Goal of the exercise —
The required copy runs from the first line of the material through the line containing "Friendsmas; Amusing Christmas", exactly as written and without pictures.

Data below —
==================================================

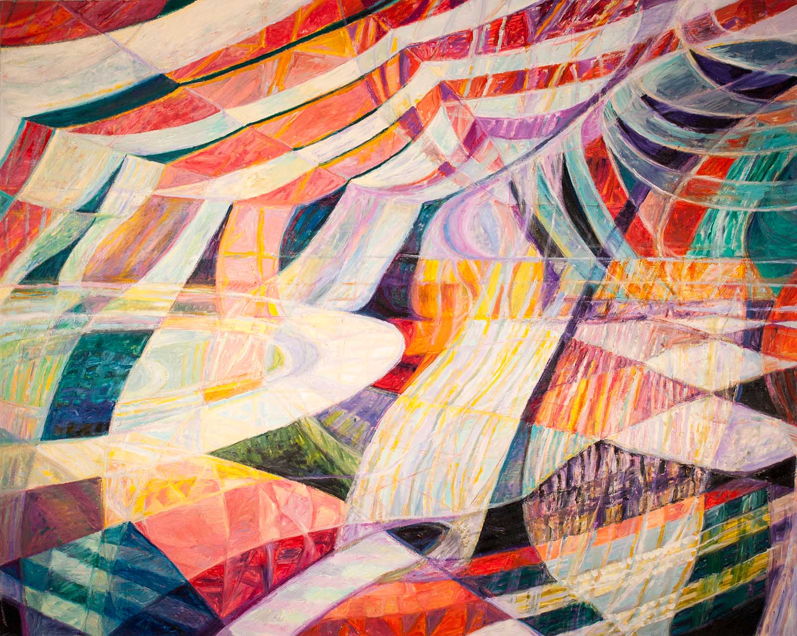 Das Werk des Künstlers zeigt ein komplexes Spiel aus Linien und Farben. Die Komposition
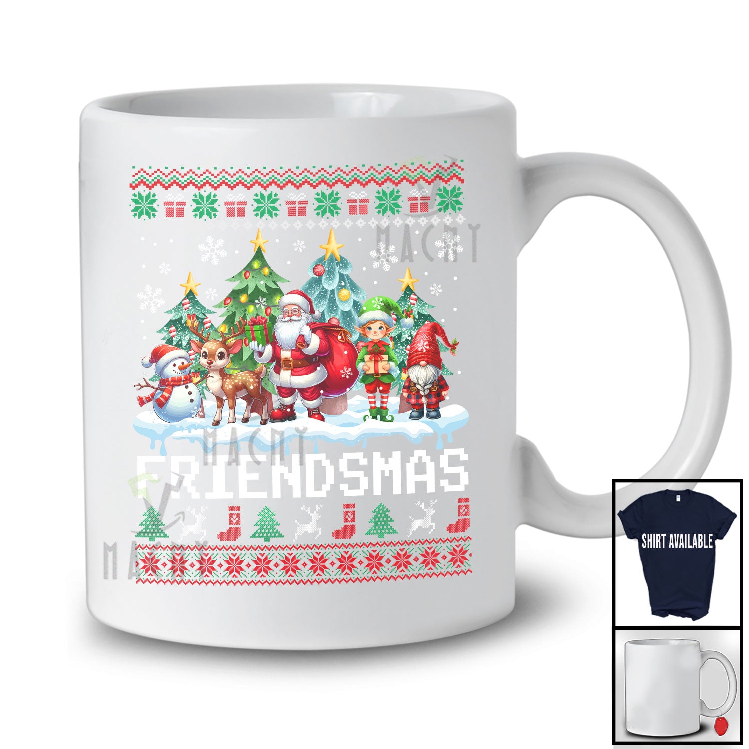 Friendsmas; Amusing Christmas Santa Reindeer Elf Snowman Gnome Squad; Sweater Family T-Shirt. This cotton t-shirt is a durable staple product with a classic fit. One of the most popular items, it has a relaxed style made for everyday and casual wear.
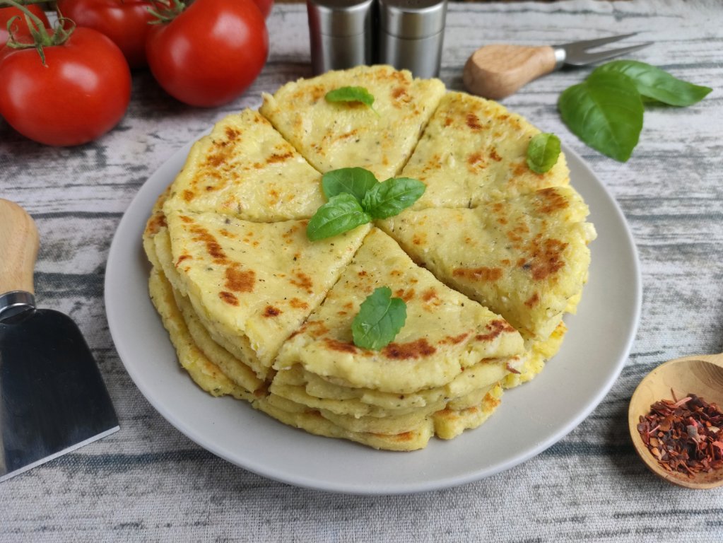 Стопку готовых лепёшек разрезать на сектора, украсить свежей зеленью и подать к столу. У картофельно-творожных лепёшек мягкая, нежная структура и приятный вкус. Они отлично сочетаются со сметанным соусом и домашним кетчупом.

==================================================

Task answer —
 Das Werk des Künstlers zeigt ein komplexes Spiel aus Linien und Farben. Die Komposition
 Friendsmas; Amusing Christmas Santa Reindeer Elf Snowman Gnome Squad; Sweater Family T-Shirt. This cotton t-shirt is a durable staple product with a classic fit. One of the most popular items, it has a relaxed style made for everyday and casual wear.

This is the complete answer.